With the television finding its way into the drawing rooms, the small screen sounded the death knell to its parent for a while. What is the way out? What can be the alternative entertainment that ‘cannot’ be served on the small screen, but confined only to big screens? Spectacle. Vista vision, 70 mm, cinemascope, 3D- spectacle that cannot be captured on the idiot box at home came into existence.

And the digital technology, graphics, mind- boggling manipulations of the visuals hit the big screen. For instance, a stunning scene was made in Hollywood when Forest Gump meets the then American President John F.Kennedy.
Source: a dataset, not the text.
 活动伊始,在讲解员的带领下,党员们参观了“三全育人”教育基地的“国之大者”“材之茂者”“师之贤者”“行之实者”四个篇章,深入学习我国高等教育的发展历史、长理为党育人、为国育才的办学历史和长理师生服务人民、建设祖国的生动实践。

Lately, with the ever-changing tastes of the audiences, and in the materialistic world, the film-maker is more anxious to feed the nerves of the viewer than his soul. Gone are the days of Sound Of Music, Ten Commandments, Chandralekha, Tyagayya, Avvayyyar , Vipranarayana. The stunning visuals, nerve-wrenching ‘spot interest’ have become the order of the day.

Gone are the days when the filmmaker was anxious to integrate instruction with entertainment. He used to engage the viewer keeping his well-tuned cultural ethos in its place. Not anymore. He has since started wrapping the ‘film’ in a saleable package. It has become a consumer product. The film, unfortunately, is also a commercial enterprise. Hence the film viewer is making demands on the filmmaker.
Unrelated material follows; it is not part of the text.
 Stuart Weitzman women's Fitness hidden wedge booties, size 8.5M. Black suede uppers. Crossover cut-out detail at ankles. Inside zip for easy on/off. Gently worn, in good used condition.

Selling the product has become the first criterion. The filmmaker is anxious to please the consumer. Dada Saheb Phalkes and B.N.Reddis, Shantarams took the backseat and the ‘businessman’ presided over the enterprise and entertainment has become his forte. This has been the global trend. Ben Hur and Mayabazar gave way to Jurassic Park and Chennai Express.

However, there are some outstanding filmmakers in our midst, equally outstanding technicians ventilating their talent at Oscar levels. Sreekar Prasad, the film editor from South India, bagged national award for film editing 9 times. Resul Pookutty received Oscar for Sound mixing for the film “Slum Dog Millionaire’’ and he produced a film called “I.D”, an astounding movie directed by a debut filmmaker Kamal K.M. for whom we gave the Gollapudi Srinivas National Award this year.
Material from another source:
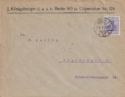 Auslandsbrief (1-20 g) vom 17.06.1918 frankiert mit einer Marke a 20 Pfennig(=20 Pfennig)

A recent epistolary romantic film “Lunch Box’’ featuring Irfan Khan and directed by another debut director Ritesh Bhatia is nominated for this year’s Oscars in the foreign film category. And then who can forget “Midhunam’’ by my good friend Bharani?

Obviously two different genres have come to stay in the world cinema, mainstream cinema and art film, not by choice of the audiences but by choice of the entrepreneur.

Indian cinema, nay, the world cinema is at crossroads with unimaginable ‘genius’ on one side and the businessman’s yearning to reach the purse strings of the viewer on the other side. But when ‘business’ outweighs ‘art’, the taste and good theme will be the casualty.